A Decidedly Weird Report

Today’s jobs report was, to say the least, strange. The first look was exciting—288,000 payroll jobs added! Now that is the kind of job growth that would get us back to a healthy labor market relatively soon. If we were to keep up this pace, we would get back to pre-recession labor market conditions by the end of 2016. Even I could live with that.

The second look was good, too—the household survey showed the unemployment rate plunged to 6.3 percent. But I should have stopped looking there, because the rest was pretty bad. It turns out the drop in unemployment was entirely due to people dropping out of the labor force. Employment in the household survey actually declined, and the labor force participation rate fell back down to its lowest point of the recovery. Our estimate of the number of “missing workers” (workers who are not working or actively seeking work but who would be if job opportunities were strong) increased to an all-time high of 6.2 million. If those missing workers were in the labor force looking for work, the unemployment rate would be 9.9 percent instead of 6.3 percent.
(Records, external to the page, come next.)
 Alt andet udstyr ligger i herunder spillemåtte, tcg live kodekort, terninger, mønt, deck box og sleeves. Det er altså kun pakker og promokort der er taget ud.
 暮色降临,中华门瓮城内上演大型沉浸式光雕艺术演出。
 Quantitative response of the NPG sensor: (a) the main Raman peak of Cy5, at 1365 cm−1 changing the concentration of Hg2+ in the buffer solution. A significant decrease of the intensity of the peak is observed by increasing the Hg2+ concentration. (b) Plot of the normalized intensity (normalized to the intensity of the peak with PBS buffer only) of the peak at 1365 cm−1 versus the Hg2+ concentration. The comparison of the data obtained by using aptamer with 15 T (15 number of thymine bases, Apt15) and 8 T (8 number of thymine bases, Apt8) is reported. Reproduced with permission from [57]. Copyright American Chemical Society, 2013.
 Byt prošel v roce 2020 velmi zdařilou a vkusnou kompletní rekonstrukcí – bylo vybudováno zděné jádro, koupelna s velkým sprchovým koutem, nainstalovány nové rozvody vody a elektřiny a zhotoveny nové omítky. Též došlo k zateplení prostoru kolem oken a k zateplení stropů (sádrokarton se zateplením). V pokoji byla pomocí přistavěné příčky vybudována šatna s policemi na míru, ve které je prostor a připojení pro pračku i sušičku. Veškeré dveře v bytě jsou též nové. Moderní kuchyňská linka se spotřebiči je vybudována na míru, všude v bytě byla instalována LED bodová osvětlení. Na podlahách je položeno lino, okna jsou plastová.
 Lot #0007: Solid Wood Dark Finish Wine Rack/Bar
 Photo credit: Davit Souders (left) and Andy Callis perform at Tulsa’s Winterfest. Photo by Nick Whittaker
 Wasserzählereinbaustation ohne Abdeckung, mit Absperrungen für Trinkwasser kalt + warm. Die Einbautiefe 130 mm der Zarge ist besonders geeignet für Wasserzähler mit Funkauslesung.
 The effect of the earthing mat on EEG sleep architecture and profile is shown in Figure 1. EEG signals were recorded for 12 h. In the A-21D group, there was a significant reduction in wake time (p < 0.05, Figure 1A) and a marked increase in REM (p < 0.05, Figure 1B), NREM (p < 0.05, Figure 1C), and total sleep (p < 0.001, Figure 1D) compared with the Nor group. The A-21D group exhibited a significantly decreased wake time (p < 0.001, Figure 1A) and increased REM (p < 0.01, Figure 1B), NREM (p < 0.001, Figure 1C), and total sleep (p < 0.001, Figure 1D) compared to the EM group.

So this was one of those cases where the two surveys were telling completely different stories—the establishment survey was strong, the household survey was weak. As always, when the two surveys tell different stories, the rule of thumb is to place much more weight on the payroll survey, since it is larger and less erratic. But the weak household survey certainly dampens the fun of the payroll survey. If the economy really were entering a new stage of much stronger job growth, I’d expect both surveys to regularly be posting strong gains. That was far from the case in April.
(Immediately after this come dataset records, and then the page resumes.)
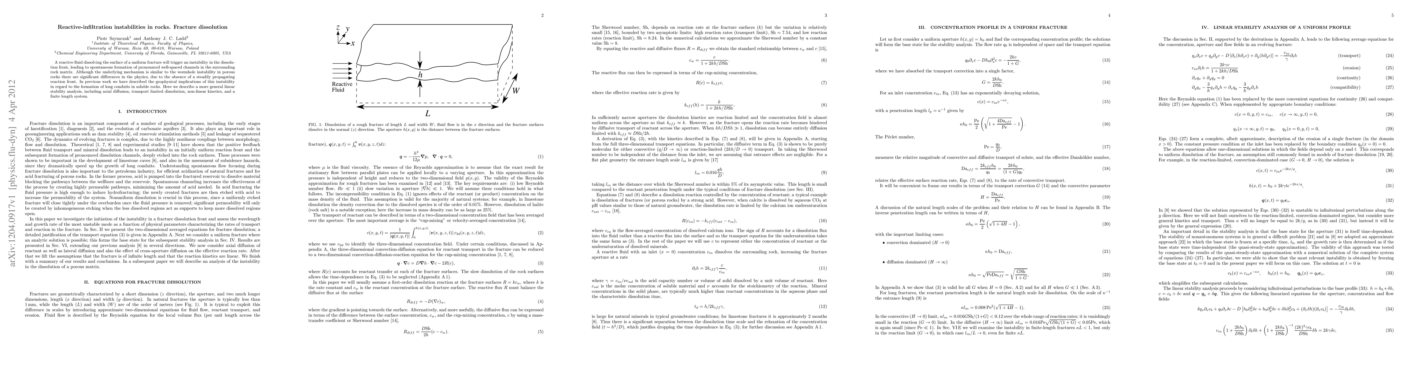 This paper investigates the reactive-infiltration instabilities that occur when a reactive fluid dissolves a uniform fracture, leading to the spontaneous formation of well-spaced channels in the rock matrix. It extends previous work by incorporating a more comprehensive linear stability analysis that includes axial diffusion, transport-limited dissolution, non-linear kinetics, and finite system length.
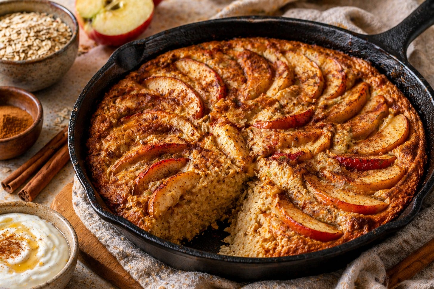 Butter, cinnamon, and apples hitting a warm skillet. That smell alone is worth making it. The apples get just slightly caramelized before the batter goes on top, and what comes out of the oven is somewhere between baked oatmeal and a Dutch baby. Soft and custardy in the center, lightly golden on top, warmly spiced throughout.
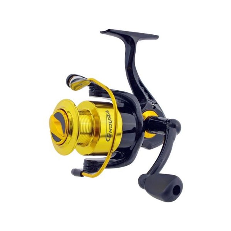 Mulineta pentru pescuit Konger Endura Gold 60FD, 2 rulmenti, Tambur din aluminiu cu capacitate 0.45 mm/140 m, Frana frontala micrometrica, Antirevers, Calitate premium, Negru/Auriu

A quick comment about wages: average hourly wages of all private sector workers held steady in March. The chart below shows year-over-year growth in hourly wages of all private sector workers. Wages are seeing growth rates far below what they were seeing before the recession started and have seen no growth whatsoever in three years. There is no certainly sign of excessive wage growth that would trigger inflation here. Instead, today’s jobs report shows there remains a tremendous amount of slack in the labor market, which shifts bargaining power away from workers (since they do not have decent outside options) and keeps wages low.